Королевская охота - Ашар Амеде - Страница 31
- Предыдущая
- 31/82
- Следующая
— Какая досада! — подхватил Поль.
— И ведь пламя могло переброситься на замок. Ваш друг господин Шавайе очень виноват, что вмешался в это дело.
— Не сердитесь, — отвечал Фуркево, едва не лопаясь от смеха, — мы все здесь ошибались, но действовали без дурных намерений.
Тем временем начавшийся мелкий дождь быстро довершил дело. Все двинулись в дом. На крыльце Мазарини, остановившись, произнес:
— Похоже, что Божественному Провидению неугодно было, чтобы замок в эту ночь сгорел.
Утром, собираясь к завтраку, Эктор и Поль заметили, что шевалье отсутствует.
— Не ждите его, — сказал Кок-Эрон, — он уехал. И велел передать, что его самым большим удовольствием стала надежда на встречу с вами в Версале.
— Очень любезно с его стороны. Кстати, скажи, не напомнил ли он тебе кого-то, с кем мы уже встречались?
— Мне тоже что-то показалось знакомое, но только не его лицо. Нет, не припомню.
После завтрака, не поддавшись на настойчивые уговоры хозяина, гости простились с ним — они спешили в путь.
Когда они выехали на Большую Королевскую дорогу, разговор снова коснулся личности шевалье.

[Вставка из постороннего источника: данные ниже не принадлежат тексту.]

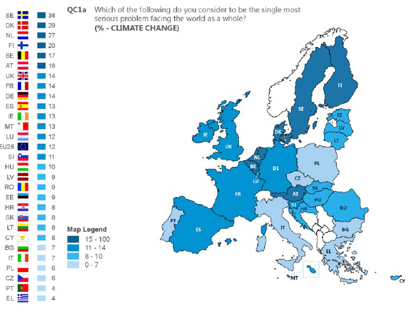 Społeczeństwa europejskie wydają się jednak nie powielać tego mechanizmu. Stan świadomości w kwestii zmian klimatu w UE należy do jednego z najwyższych na świecie. Obywatele państw europejskich uznają zmiany klimatu za trzecie, po ubóstwie oraz międzynarodowym terroryzmie, zagrożenie dla stabilności międzynarodowej.

— Я принимаю его за хорошего человека, — сказал Поль. — А вы, Ги?
— Я мало его видел и ничего не могу сказать.
— Значит, вы плохо о нем думаете. Когда не объясняются, стало быть, о человеке думают плохо.
— Ну вот, вы уже и заболтались. Скажу просто: он человек хладнокровный, осторожный и наблюдательный. Управляет собой лучше, чем вы своими пистолями.
— Да, к сожалению, — пробурчал Поль.
— С таким характером можно быть либо большим мошенником, либо очень честным человеком. Кто он, решить не могу. А вы, милый кузен, что думаете? — обратился Рипарфон к Эктору.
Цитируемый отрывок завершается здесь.